Universal health coverage and ethical issues in the management of burns in developing countries: Who bells the cat?
Date of Publication: March 18, 2020
Burns are a major public health issue across the globe with approximately 70 per cent occurring in low- and middle-income countries (LMICs). According to the World Health Organization, the injury accounts for an estimated 180 000 deaths yearly with the majority of these occurring in LMICs. Besides for every death from burns, a far greater proportion of burn survivors are left with permanent disabilities which may be compounded by poverty. In addition to dealing with the escalating infectious diseases, maternal and child health conditions and non-communicable diseases, LMICs have a huge burden of conditions requiring surgical interventions. These competing issues have further limited the burn care capacity of LMIC. Consequently, advanced care strategies such as tissue engineering, skin substitutes and scar management approaches may not be in the list of priority health interventions in LMICs.
As the availability of resources directly impact outcome and survival, the mismatch between the existing burden of burns and resources have adverse implications for universal health coverage (UHC) which could become a mirage for burns sufferers. Additionally, there are ethical issues of varying nature.
Robust preventive measures are either limited or non-existent in LMICs. Burn care is expensive and the occurrence of mass burn casualties usually accentuates the burden on healthcare systems in LMICs. Even more difficult to measure are the indirect costs for those who suffer burns, their caregivers and society. Injured persons at the pre-hospital phase are most likely to encounter untrained personnel who may apply various household agents such as egg, mud, sugar and toothpaste to the burn wound which could adversely affect clinical outcomes. Acute burn surgeries such as debridement, skin grafting, and contracture release may be delayed due to issues such as inadequate skin substitutes and shortage of skilled personnel. To ensure the progressive realization of UHC by its true definition, LMICs must also include burns in their essential health services packages.
Owing to the above-mentioned challenges, admission of a burn patient to an intensive care unit in some settings is primarily based on the likelihood of survival. Thus, burn patients with poor prognosis may not have access to some forms of critical care in order to make the space available for another patient with likely better outcomes. For patients who are unable to survive the injury, the end of life phase becomes another critical phase as palliative care has not been fully streamlined in the burn management process. Patients deemed survivable may not have access to rehabilitation services and as such, quality of life may be adversely affected in the long-term. Thus, irrespective of the path taken by the burn patient, concerns regarding ‘who gets access to what’ may persist.

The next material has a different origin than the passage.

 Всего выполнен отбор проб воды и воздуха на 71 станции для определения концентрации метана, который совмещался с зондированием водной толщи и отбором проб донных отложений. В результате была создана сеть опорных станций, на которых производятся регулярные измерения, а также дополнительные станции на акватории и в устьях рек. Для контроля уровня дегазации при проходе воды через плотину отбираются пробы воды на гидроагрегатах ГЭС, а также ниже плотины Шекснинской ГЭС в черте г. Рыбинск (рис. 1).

Financial risk protection for burn patents is another major area requiring attention. The intensity of care required by severely burned patients and the corresponding scarce government resources may increase out of pocket costs with a limited component covered by public health insurance schemes. In some developing settings, these can trigger discharge against medical advice and yet, these facilities lack outreach services that can support these patients after discharge. Consequently, the discrepancy between care required and care received may further deepen which affects the overall outcome.

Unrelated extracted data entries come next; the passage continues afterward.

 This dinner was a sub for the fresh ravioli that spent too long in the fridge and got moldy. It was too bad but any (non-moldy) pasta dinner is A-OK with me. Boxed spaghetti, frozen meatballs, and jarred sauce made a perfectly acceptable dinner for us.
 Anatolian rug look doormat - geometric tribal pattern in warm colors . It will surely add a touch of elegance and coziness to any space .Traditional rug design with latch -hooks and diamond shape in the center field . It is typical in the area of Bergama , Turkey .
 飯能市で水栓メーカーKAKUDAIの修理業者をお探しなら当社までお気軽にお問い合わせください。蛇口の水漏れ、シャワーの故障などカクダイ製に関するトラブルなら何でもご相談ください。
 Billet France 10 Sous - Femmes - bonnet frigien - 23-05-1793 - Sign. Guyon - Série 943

Despite the plethora of ethical issues in burn care, Walls and colleagues have cautioned that LMICs should not allow these concerns to create a ‘sense of fatalism’ thereby leading one into the acceptance of ‘second best’ and ‘good enough’. Irrespective of the clinical course taken, the burn patient in LMIC settings requires ease of access to an appropriate service commensurate to their needs. This raises an interest as to how burn units in LMICs can move beyond the surface to deal with underlying issues. Access to care, inequality and justice, as implied in UHC aspirations, are critical issues that require attention in the management of burns. This could therefore serve as a call for action for LMICs to strive towards attaining UHC across the spectrum of burn care.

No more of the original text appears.